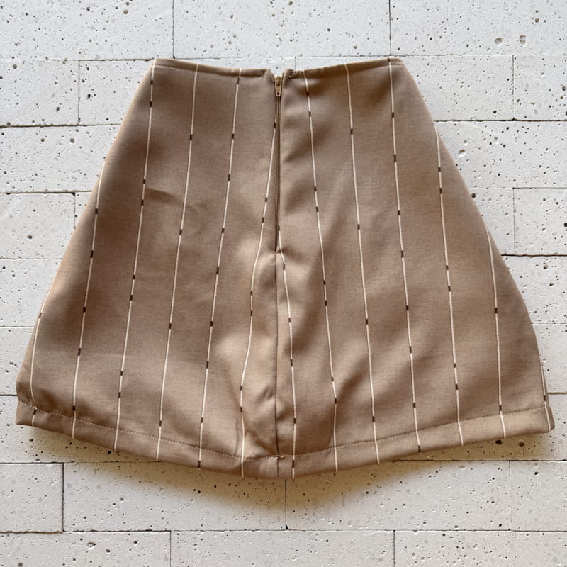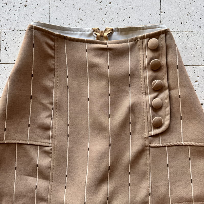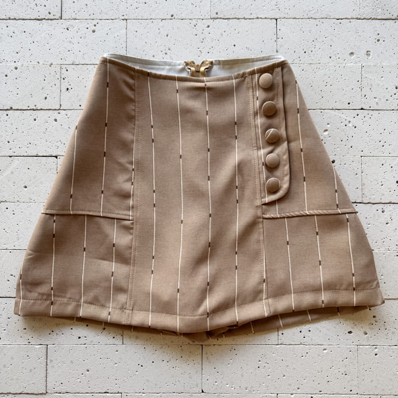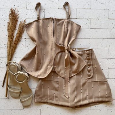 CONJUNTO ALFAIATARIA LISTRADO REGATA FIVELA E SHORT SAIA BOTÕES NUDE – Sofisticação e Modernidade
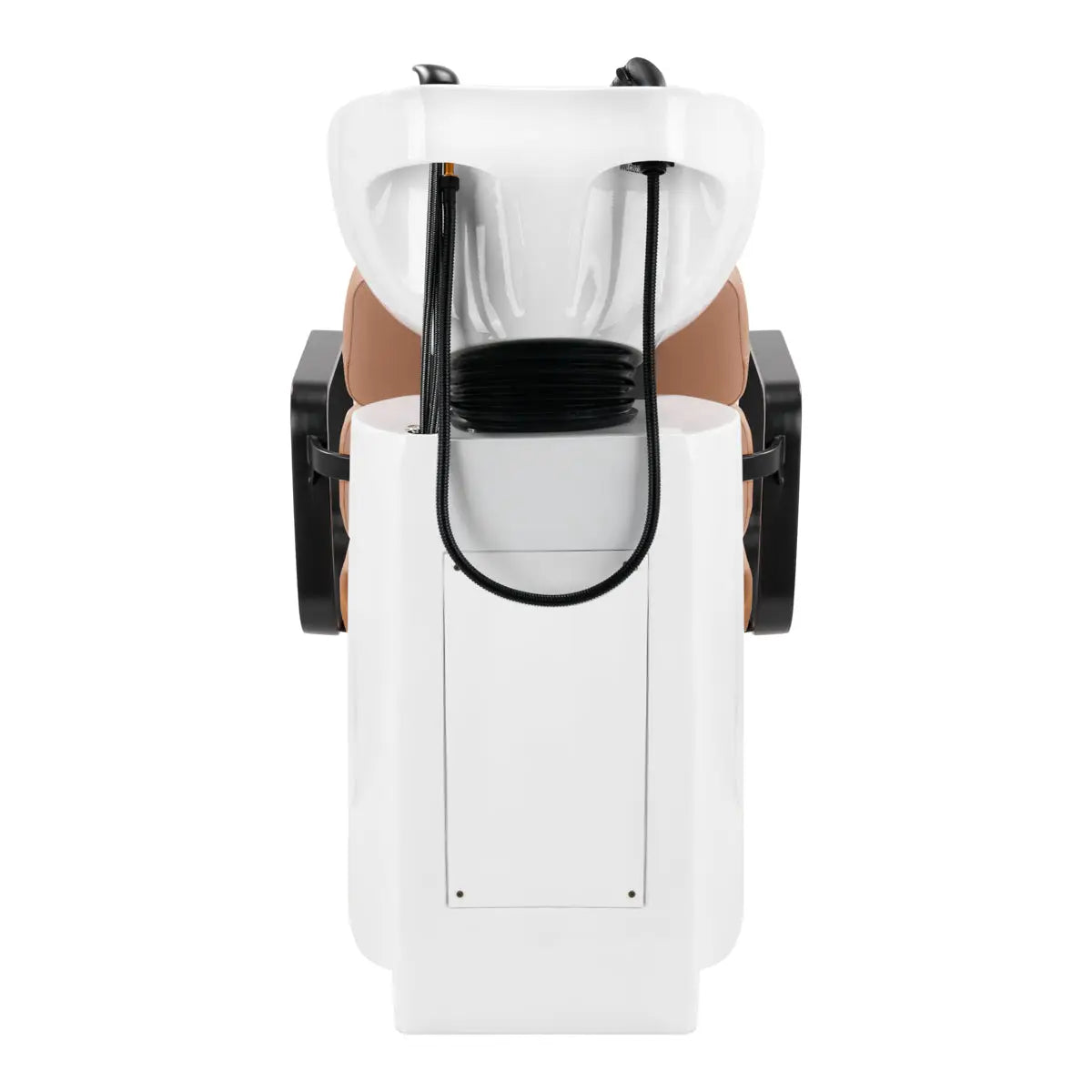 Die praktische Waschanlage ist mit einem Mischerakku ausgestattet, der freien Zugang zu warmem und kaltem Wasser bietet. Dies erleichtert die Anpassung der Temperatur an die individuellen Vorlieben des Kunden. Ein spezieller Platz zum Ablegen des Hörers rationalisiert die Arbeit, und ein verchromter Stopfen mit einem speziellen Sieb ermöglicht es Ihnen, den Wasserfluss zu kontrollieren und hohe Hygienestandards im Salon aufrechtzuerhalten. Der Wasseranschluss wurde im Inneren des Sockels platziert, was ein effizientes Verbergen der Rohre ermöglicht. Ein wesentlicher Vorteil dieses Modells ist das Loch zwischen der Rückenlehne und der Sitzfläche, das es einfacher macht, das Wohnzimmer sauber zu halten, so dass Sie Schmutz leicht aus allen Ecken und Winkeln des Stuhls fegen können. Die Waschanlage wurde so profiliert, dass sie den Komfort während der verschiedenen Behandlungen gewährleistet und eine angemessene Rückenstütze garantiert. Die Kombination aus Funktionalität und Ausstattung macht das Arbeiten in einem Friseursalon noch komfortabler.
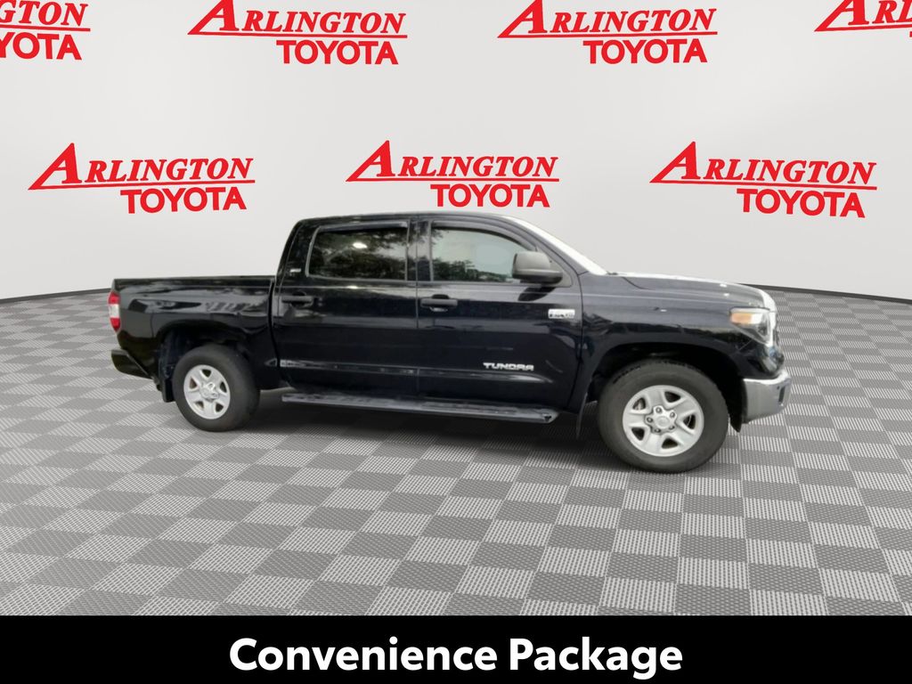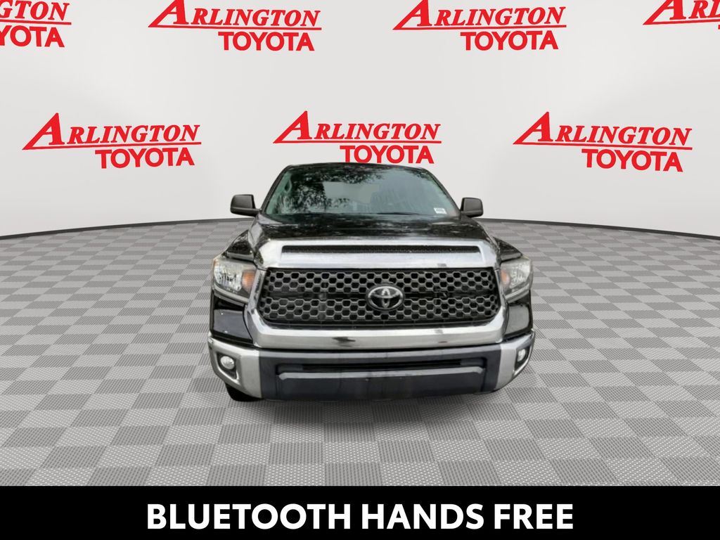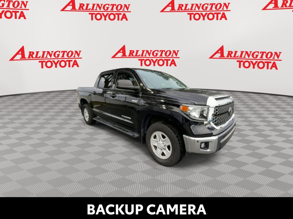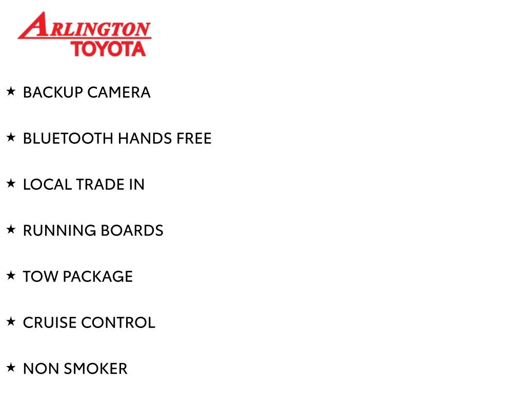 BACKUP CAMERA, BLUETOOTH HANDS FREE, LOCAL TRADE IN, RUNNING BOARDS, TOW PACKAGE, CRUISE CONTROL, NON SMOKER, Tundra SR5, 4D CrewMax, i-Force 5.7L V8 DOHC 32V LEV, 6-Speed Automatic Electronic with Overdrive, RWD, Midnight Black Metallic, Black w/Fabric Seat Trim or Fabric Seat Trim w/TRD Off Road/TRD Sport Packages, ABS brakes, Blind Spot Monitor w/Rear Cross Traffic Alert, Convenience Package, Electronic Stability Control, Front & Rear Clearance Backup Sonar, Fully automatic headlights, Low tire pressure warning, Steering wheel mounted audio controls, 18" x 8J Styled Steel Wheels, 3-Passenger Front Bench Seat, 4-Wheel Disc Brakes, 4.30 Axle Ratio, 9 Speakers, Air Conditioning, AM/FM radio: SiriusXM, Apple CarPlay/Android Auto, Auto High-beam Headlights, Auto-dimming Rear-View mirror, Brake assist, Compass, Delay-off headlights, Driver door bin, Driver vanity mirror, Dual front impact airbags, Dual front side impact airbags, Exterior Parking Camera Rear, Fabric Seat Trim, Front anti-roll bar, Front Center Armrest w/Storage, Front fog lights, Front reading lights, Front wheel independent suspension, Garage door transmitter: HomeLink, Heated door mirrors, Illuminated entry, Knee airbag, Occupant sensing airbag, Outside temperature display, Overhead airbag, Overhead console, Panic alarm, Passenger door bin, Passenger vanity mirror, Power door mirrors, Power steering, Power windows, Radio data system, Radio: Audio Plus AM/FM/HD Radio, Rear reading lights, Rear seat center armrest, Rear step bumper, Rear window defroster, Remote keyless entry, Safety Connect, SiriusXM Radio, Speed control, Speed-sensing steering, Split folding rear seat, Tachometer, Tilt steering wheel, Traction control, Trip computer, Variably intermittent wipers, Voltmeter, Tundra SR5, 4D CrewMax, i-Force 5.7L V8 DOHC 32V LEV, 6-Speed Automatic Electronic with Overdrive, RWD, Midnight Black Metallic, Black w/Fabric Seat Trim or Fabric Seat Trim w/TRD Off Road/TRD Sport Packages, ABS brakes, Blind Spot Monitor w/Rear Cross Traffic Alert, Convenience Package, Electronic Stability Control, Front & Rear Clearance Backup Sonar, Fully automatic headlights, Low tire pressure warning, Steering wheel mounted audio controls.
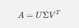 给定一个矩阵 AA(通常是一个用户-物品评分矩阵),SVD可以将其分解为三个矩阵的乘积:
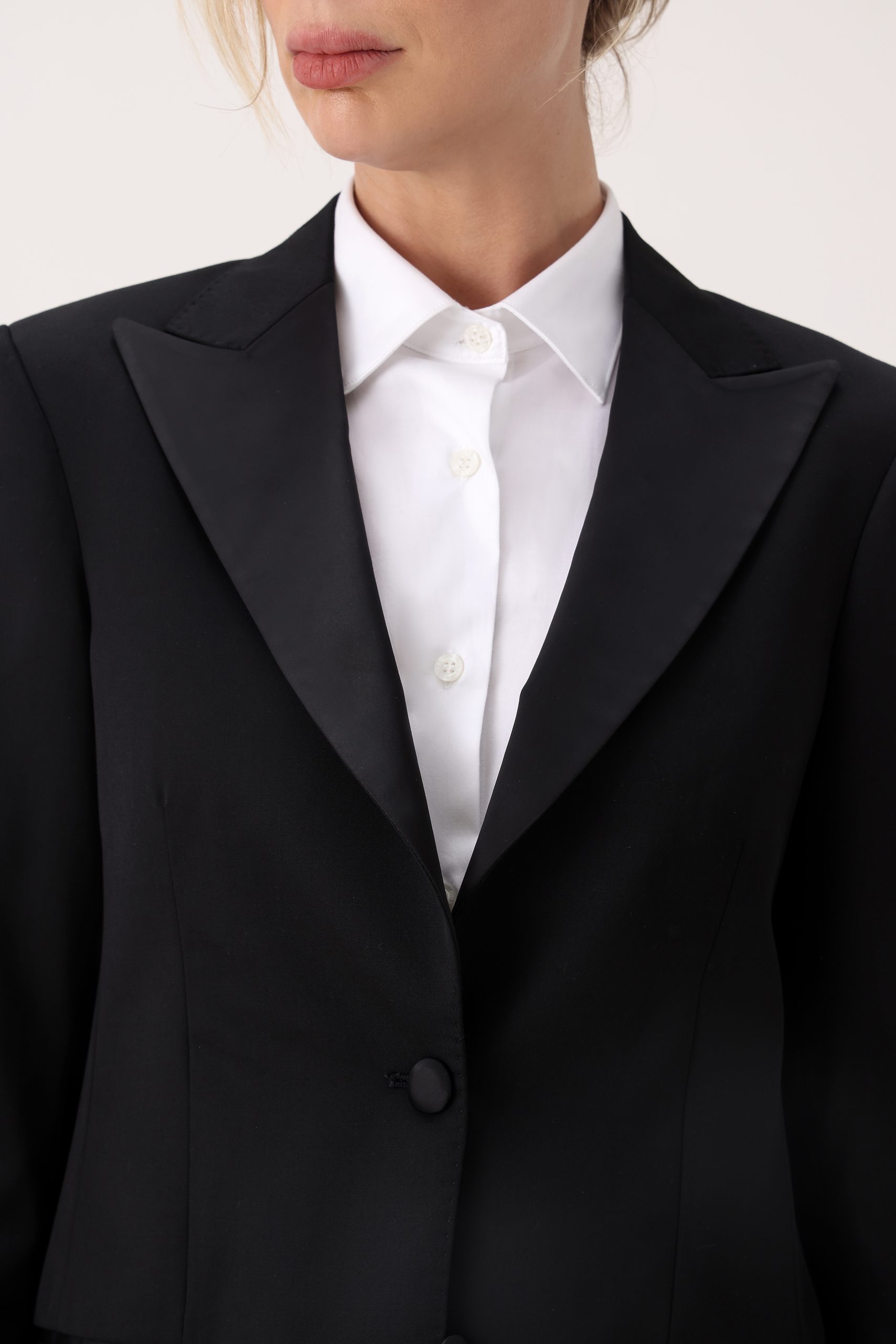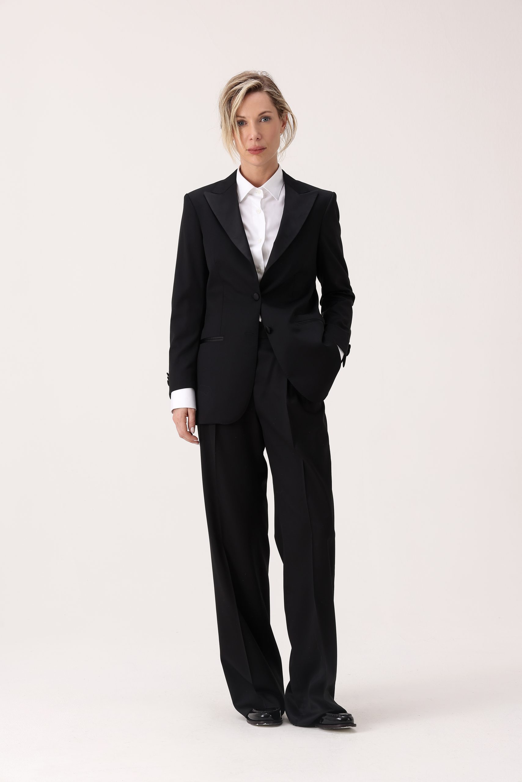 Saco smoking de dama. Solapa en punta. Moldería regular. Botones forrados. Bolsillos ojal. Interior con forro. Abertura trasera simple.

———

• INSTRUCTIONS TO FOLLOW
Set down exactly and only the lines from the start of the entries above through the line containing "Die praktische Waschanlage", both ends included, omitting the pictures.

• EXERCISE OUTPUT
 CONJUNTO ALFAIATARIA LISTRADO REGATA FIVELA E SHORT SAIA BOTÕES NUDE – Sofisticação e Modernidade
 Die praktische Waschanlage ist mit einem Mischerakku ausgestattet, der freien Zugang zu warmem und kaltem Wasser bietet. Dies erleichtert die Anpassung der Temperatur an die individuellen Vorlieben des Kunden. Ein spezieller Platz zum Ablegen des Hörers rationalisiert die Arbeit, und ein verchromter Stopfen mit einem speziellen Sieb ermöglicht es Ihnen, den Wasserfluss zu kontrollieren und hohe Hygienestandards im Salon aufrechtzuerhalten. Der Wasseranschluss wurde im Inneren des Sockels platziert, was ein effizientes Verbergen der Rohre ermöglicht. Ein wesentlicher Vorteil dieses Modells ist das Loch zwischen der Rückenlehne und der Sitzfläche, das es einfacher macht, das Wohnzimmer sauber zu halten, so dass Sie Schmutz leicht aus allen Ecken und Winkeln des Stuhls fegen können. Die Waschanlage wurde so profiliert, dass sie den Komfort während der verschiedenen Behandlungen gewährleistet und eine angemessene Rückenstütze garantiert. Die Kombination aus Funktionalität und Ausstattung macht das Arbeiten in einem Friseursalon noch komfortabler.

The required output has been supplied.